Pero ¿Qué es “una memoria”? se pregunta un niño al enterarse de que su anciana amiga ha perdido la memoria.  Preguntando a otros ancianos, obtendrá diferentes respuestas a partir de las cuales el niño junta cosas que entrega a la anciana, quien podrá reconstruir algunas vivencias.[7]

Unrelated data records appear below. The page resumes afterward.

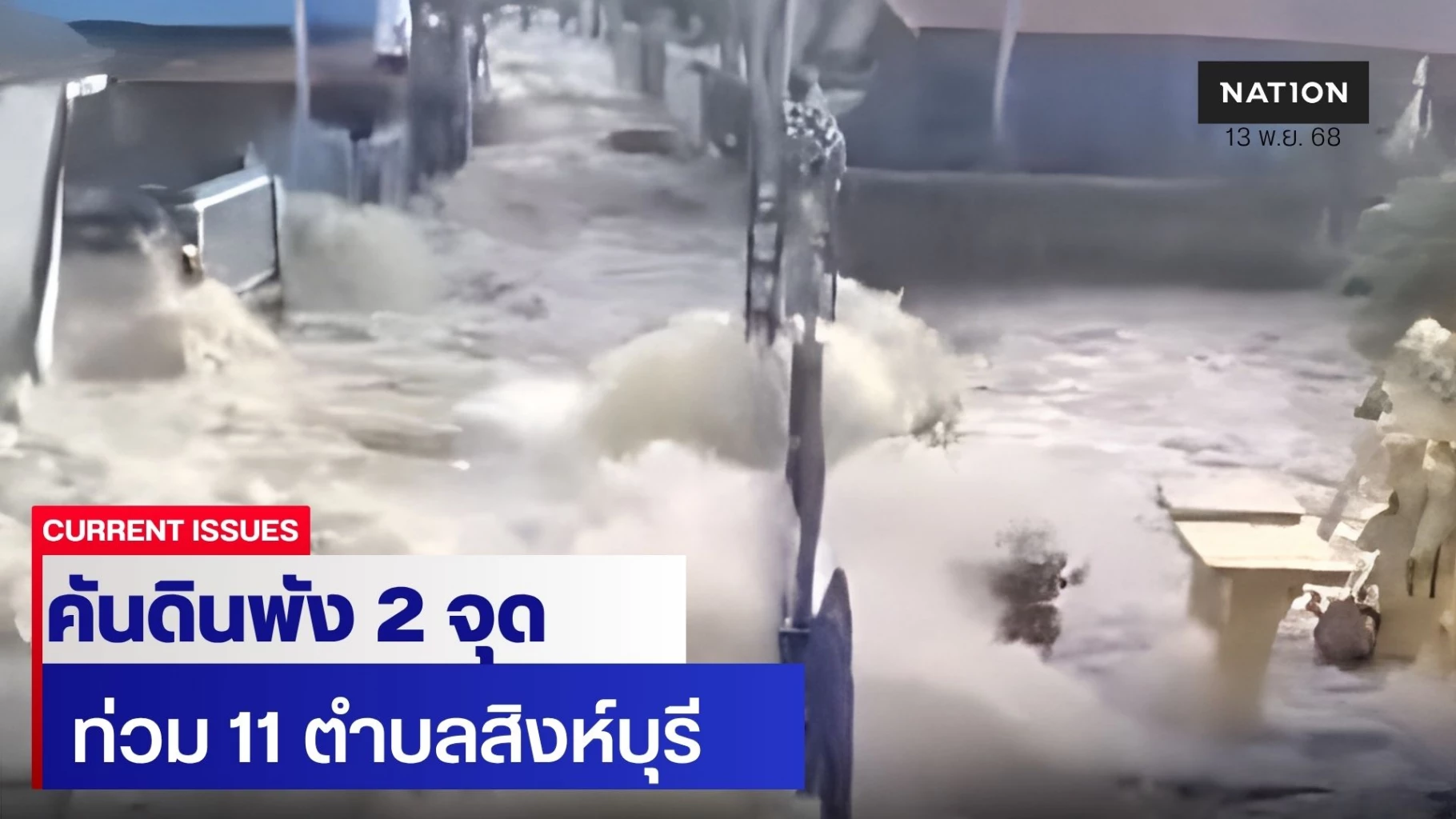13 พฤศจิกายน 2568 อัปเดตสถานการณ์น้ำท่วม จ.สิงห์บุรี จากเหตุคันดินกั้นน้ำแตก บริเวณวัดปราสาท หมู่ 4 ต.อินทร์บุรี อ.อินทร์บุรี จ.สิงห์บุรี เมื่อเย็นวันที่ 12 พฤศจิกายน 2568 ส่งผลให้มวลน้ำจำนวนมากไหลทะลักเข้าท่วมบ้านเรือน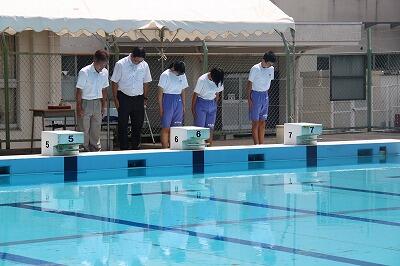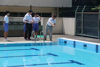 今日は気温が30度を超え、教室では1日中エアコンをかけた状態でした。このような暑い日はプールが最高ですね!今日の昼休み、代表の生徒会役員が参加した中でプール開きを行い、生徒が安全にプールを利用できるようお祈りしました。今週から体育の授業ではプールが始まります。生徒の皆さんは楽しみなことだと思いますが、安全には十分気をつけてくださいね。保護者の皆様もご指導の程、よろしくお願いします。 生徒が安全に利用できますように…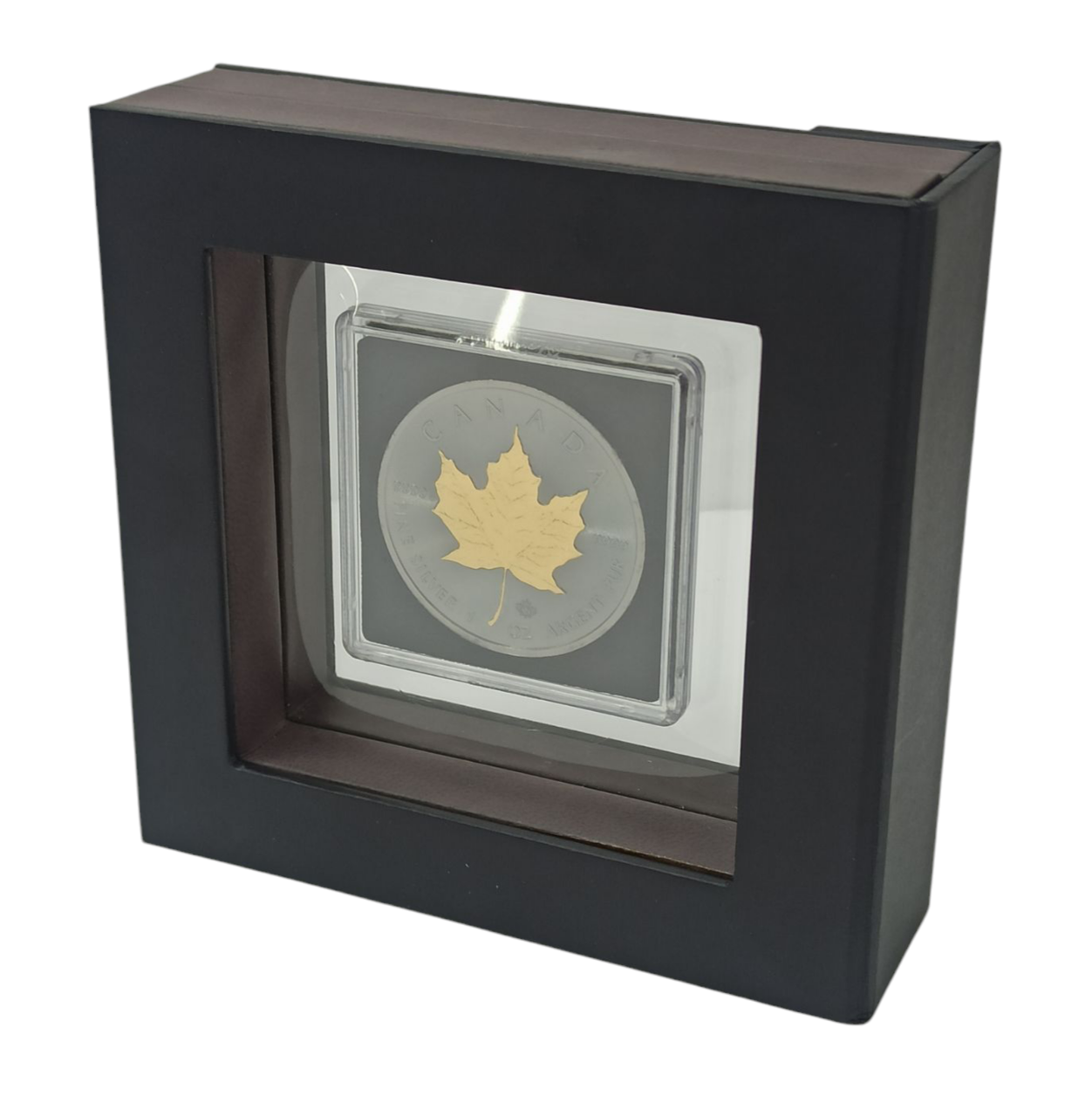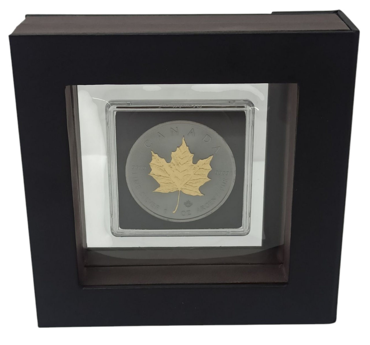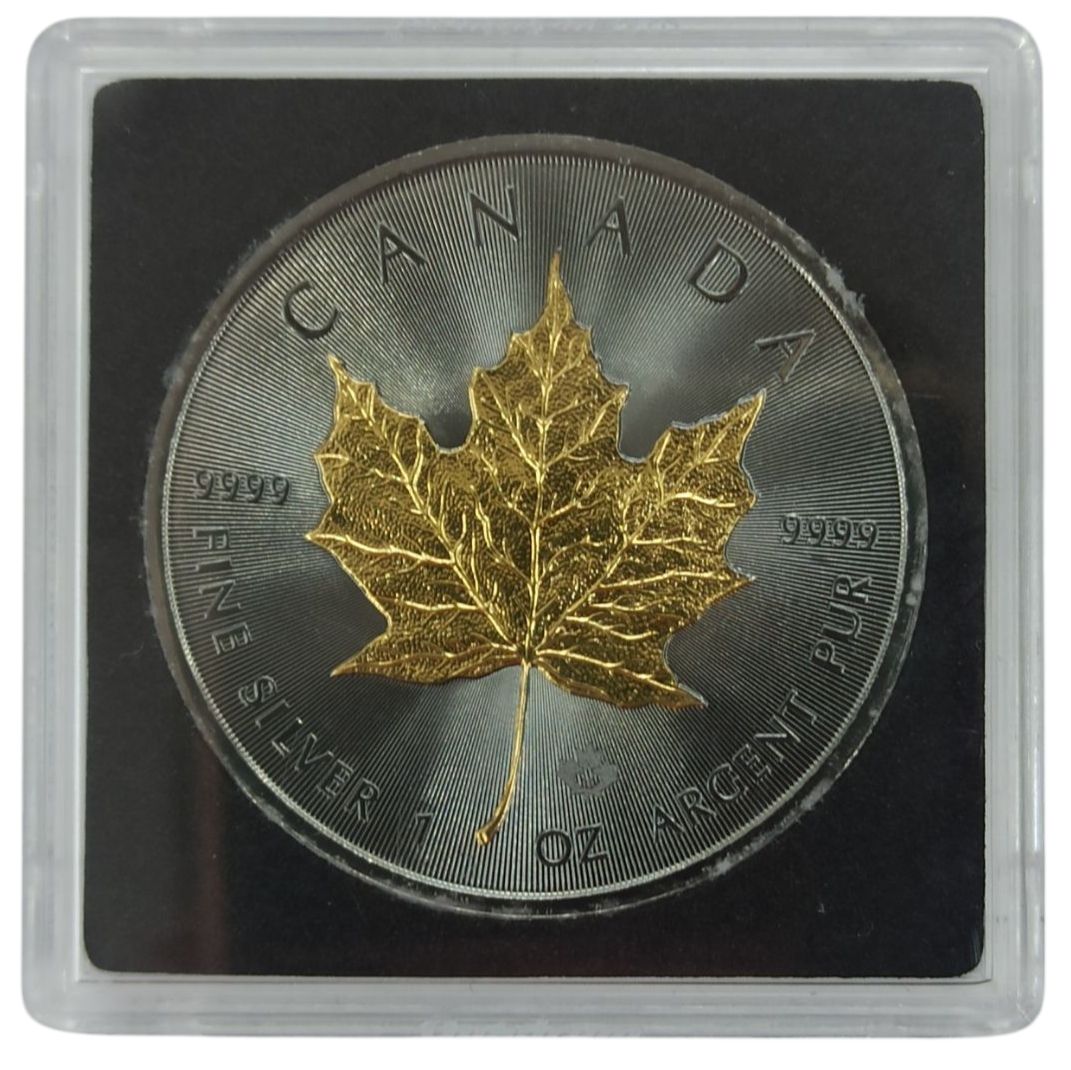 Реверс прикрашено детальним зображенням кленового листа, вкритого позолотою 24K, що контрастує із темним фоном і створює виразний візуальний ефект. Надпис «CANADA», проба срібла «9999» та позначення ваги в одній тройській унції підкреслюють інвестиційний статус монети.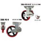 200mm スプリング 自在・固定 ストッパー付き ポリウレタン車輪 200J-PC-R-ST/200K-PC-R 手押し/けん引兼用 中部産業

Esta historia refleja, en cierto modo el sueño y, a la vez,  la experiencia de La Nube

Territorio donde leer, mirar, jugar, escuchar, participar y compartir son ocasiones para descubrir mundos y construir sentidos.  Territorio donde a su vez enraiza la vivencia de cada quien, relacionándose con diversos fenómenos culturales como la lectura, el juego, la radio, el cine, el teatro de títeres, la música, las artes visuales, que posibilitan la búsqueda, el encuentro, las preguntas, la perplejidad. Como el arte, que es lo que abre la sensibilidad, La Nube resiste al cierre de los significados.[8]

 

A quienes impulsaron la aventura irreverente, a quienes abrieron nuevos horizontes o ventanas, a quienes siguen creyendo en que la transformación es posible y necesaria para que La Nube siga sembrando y cosechando, a todos un inmenso agradecimiento.

 

                                                           Ana Medina

                                                           Buenos Aires, 6 de junio de 2015

Referencias

 

[1] El libro de los seres imaginarios, Jorge Luis Borges.  1954

 

[2] “Para subirse a una nube de libros y juguetes”, por Nora Veiras,  Nota publicada en el diario Página 12, Buenos Aires, 23 de Marzo de 2003

 

[3] El CIEP se crea en 1979 donde participan profesionales de diversos ámbitos de la educación y de las  ciencias sociales, con el propósito de estudiar y difundir las nuevas corrientes pedagógicas y didácticas y, en particular, la problemática de la literatura infantil - juvenil y la lectura

 

[4] Revista informativa sobre el acontecer cultural y los medios de comunicación relacionados a la niñez,  que se propone contribuir a la valorización de la infancia y la adolescencia. A partir del Nº 3-4 (Diciembre de 1979) se convertirá en el “órgano de difusión” del CIEP y del CEDIMECO   

 

[5] Lo que hoy denominamos el Patrimonio Cultural de La Nube, originalmente fue denominado CEDIMECO: Centro de Documentación e Información sobre Medios de Comunicación” que fue inaugurado en 1980.

 

[6] Pablo Medina, cita del Editorial publicado en la Revista El Loro Pelado Nº 1, Año I, Marzo de 1979

 

[7] Guillermo Jorge Manuel José. Mem Fox · Julie Vivas ilustración. Ediciones Ekaré-Calibroscopio

 

[8] “Aisthesis: el arte y el cuerpo”,  Jean-luc Nancy

 

[9]  Los datos más exhaustivos se encuentran aquí

 

 

APOYAN

 

Epílogo

Escribí este texto con la idea de dar cuenta de la historia, sin la pretensión de puntualizar en hechos, lugares y personas [9].  Lo poético y filosófico se inmiscuyeron de tal manera que me fue imposible no darles lugar.  Como me es imposible que la palabra no sea lugar sensible, donde la libertad se abisme o juegue con la otredad, en el vaivén de los hechos y la memoria.

Hechos de memoria: Crecer a la par de La Nube y trabajar aquí junto a mi hermano desde muy jóvenes.  In Memoriam a Pablo Medina Geymonat (1972-2007): un lugar cálido, inquieto, serio, disparatado, habitando desde siempre “el otro cielo”.